Description
This model detects molecular biology-related terms in medical texts. This model is trained with the BertForTokenClassification
method from the transformers
library and imported into Spark NLP.
Predicted Entities
DNA
, Cell_type
, Cell_line
, RNA
, Protein
Open in Colab Copy S3 URICopied!
How to use
documentAssembler = DocumentAssembler()\
.setInputCol("text")\
.setOutputCol("document")
sentence_detector = SentenceDetector()\
.setInputCols(["document"])\
.setOutputCol("sentence")
tokenizer = Tokenizer()\
.setInputCols(["sentence"])\
.setOutputCol("token")
tokenClassifier = BertForTokenClassification.pretrained("bert_token_classifier_ner_cellular", "en", "clinical/models")\
.setInputCols("token", "document")\
.setOutputCol("ner")\
.setCaseSensitive(True)
ner_converter = NerConverter()\
.setInputCols(["document","token","ner"])\
.setOutputCol("ner_chunk")
pipeline = Pipeline(stages=[documentAssembler, sentence_detector, tokenizer, tokenClassifier, ner_converter])
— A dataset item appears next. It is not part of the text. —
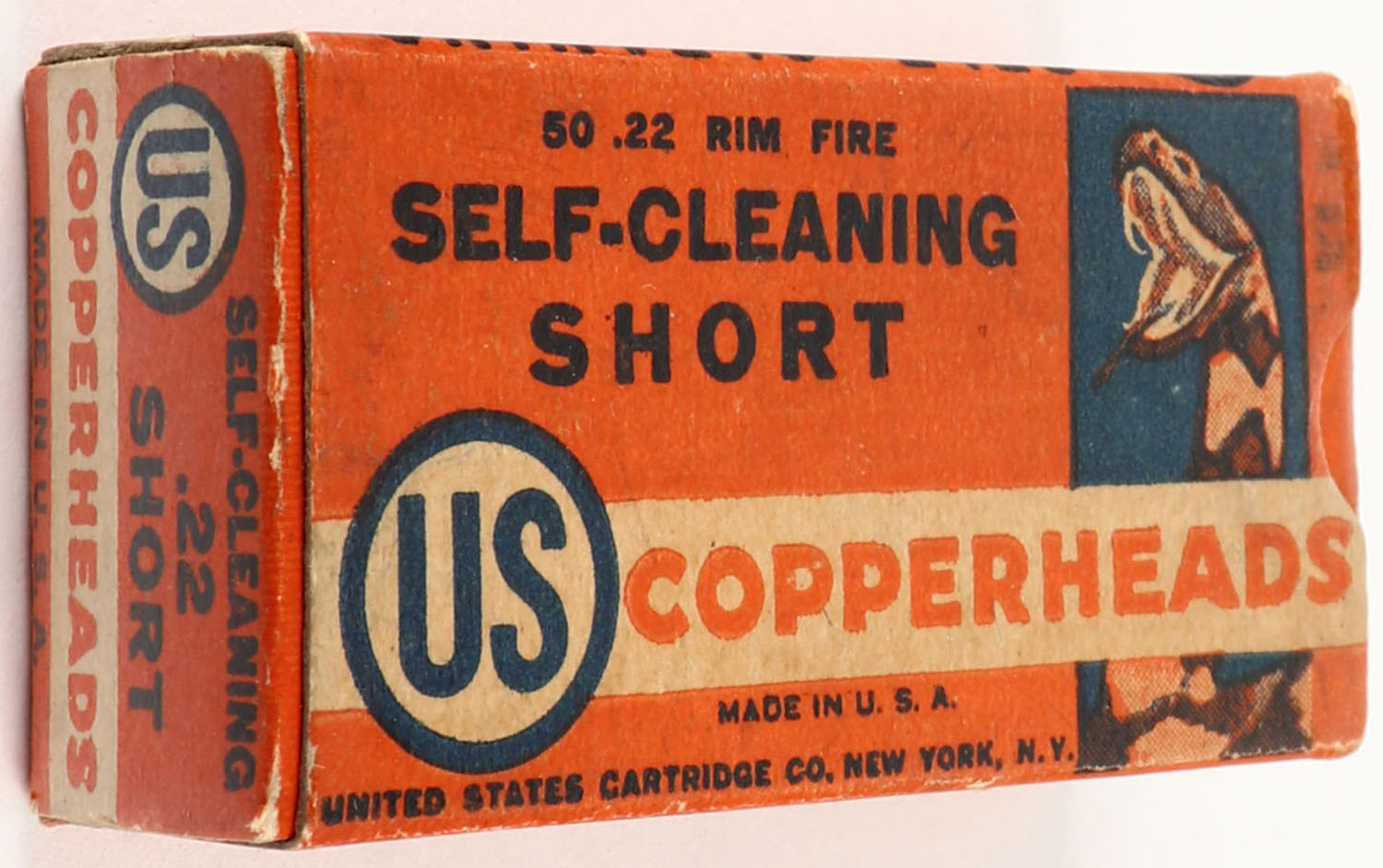 U.S., Copperheads, .22 Short, Self-Cleaning, RHWeb: US-12 S-1a, Partial 49rds., 1pc. Orange white & blue box, box is solid with very good color, minor age soiling, very minor edge & corner wear, end flaps are solid, ammo is very good. Grade: Very Good ++ - Value: 30 to 90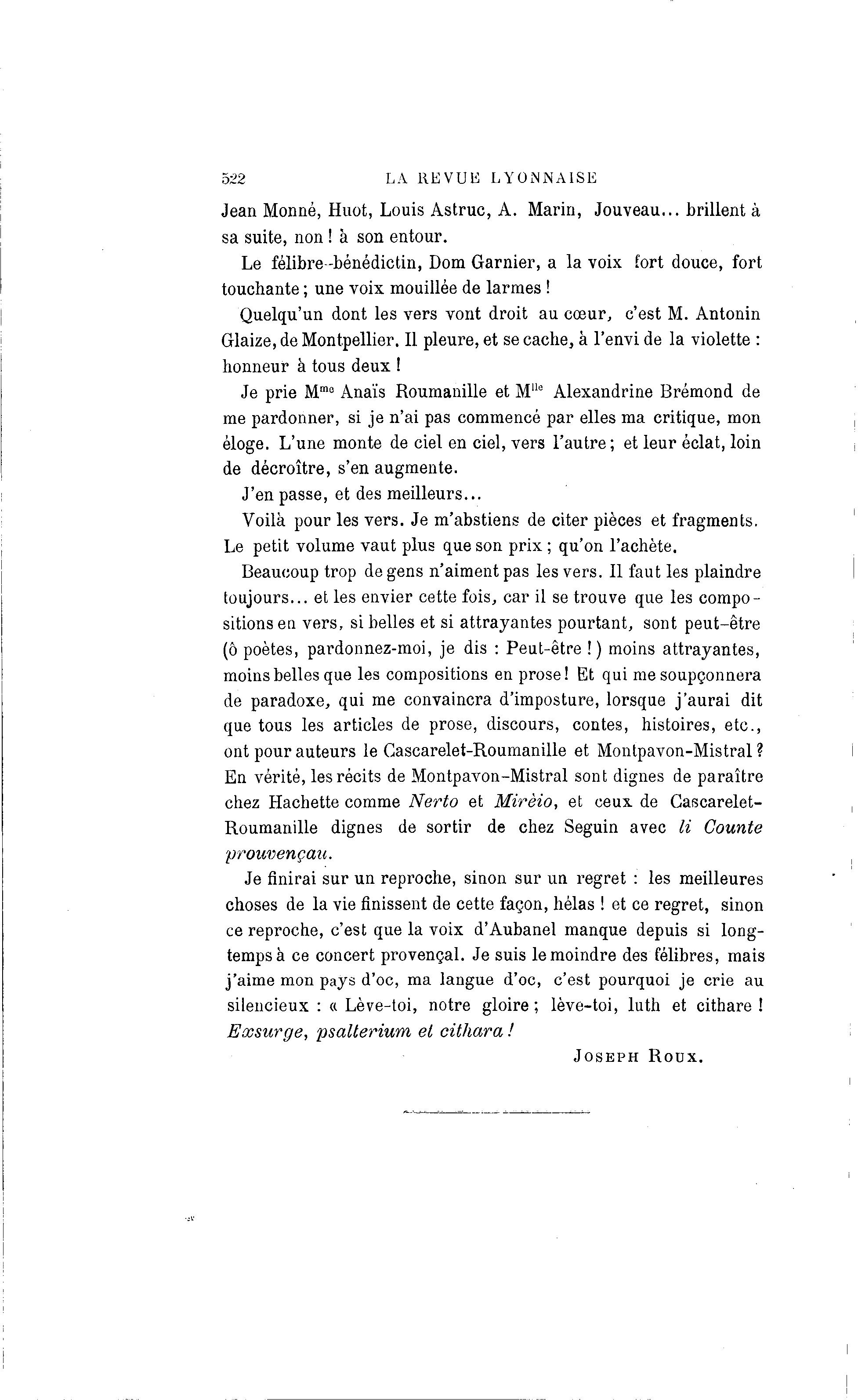 temps à ce concert provençal. Je suis le moindre des félibres, mais

p_model = pipeline.fit(spark.createDataFrame(pd.DataFrame({'text': ['']})))
test_sentence = """Detection of various other intracellular signaling proteins is also described. Genetic characterization of transactivation of the human T-cell leukemia virus type 1 promoter: Binding of Tax to Tax-responsive element 1 is mediated by the cyclic AMP-responsive members of the CREB/ATF family of transcription factors. To achieve a better understanding of the mechanism of transactivation by Tax of human T-cell leukemia virus type 1 Tax-responsive element 1 (TRE-1), we developed a genetic approach with Saccharomyces cerevisiae. We constructed a yeast reporter strain containing the lacZ gene under the control of the CYC1 promoter associated with three copies of TRE-1. Expression of either the cyclic AMP response element-binding protein (CREB) or CREB fused to the GAL4 activation domain (GAD) in this strain did not modify the expression of the reporter gene. Tax alone was also inactive."""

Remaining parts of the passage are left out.